Algo como o documentário Wolfpack (2015) sobre a inacreditável história de sete irmãos que
cresceram presos pelos seus pais em um apartamento em Nova York. Sem sair às
ruas, tinham apenas os filmes hollywoodianos, principalmente as produções de
Tarantino, como referências do mundo exterior. Passavam os dias reencenando as
cenas ficcionais que assistiam. E tomavam como a própria realidade – sobre o
filme clique aqui.
Narrativa em abismo
Também muito de passagem, Órbita 9 descreve o impacto de Helena
diante do mundo real da superfície, perdendo a oportunidade de aproveitar o
impacto perceptivo da personagem como mais um elemento dramático.

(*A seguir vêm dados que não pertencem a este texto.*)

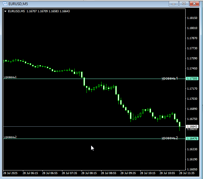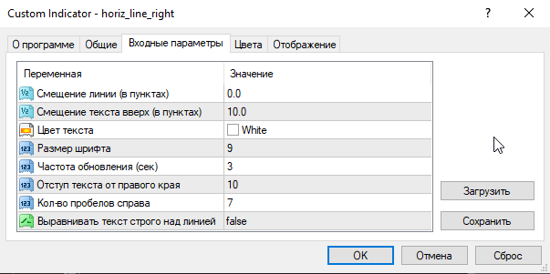 То есть индикатор просто висит на графике - вы рисуете стандартные горизонтальные линии МТ4, но описание отображается уже справа.

Mas o principal foi deixado para atrás: a
oportunidade de transformar o mundo virtual criado pelos simuladores nos
subsolos como microcosmos ou alegoria do
mundo real da superfície, o que tornaria Órbita
9 em uma excelente ficção científica gnóstica – Helena prisioneira em seu
mundo, assim como cientistas e engenheiros na superfície.
Mas apesar de tudo, o filme apresenta uma
curiosa metalinguagem ou, mais precisamente, uma narrativa em abismo: é um
filme que simula ser do gênero ficção científica sobre uma protagonista
prisioneira em uma simulação de uma aventura sci-fi de colonização de outro
planeta.
Mas é justamente essa ignorância da
protagonista (de forte apelo dramático e gnóstico) em não saber que em toda a
sua vida foi uma prisioneira, que o diretor Hatem Kraiche simplesmente tratou
de forma rápida e superficial. Transformar tudo em um híbrido de metalinguagem,
sci-fi e thriller romântico. Uma pena!
Filme pode ser encontrado em arquivo torrent na Internet.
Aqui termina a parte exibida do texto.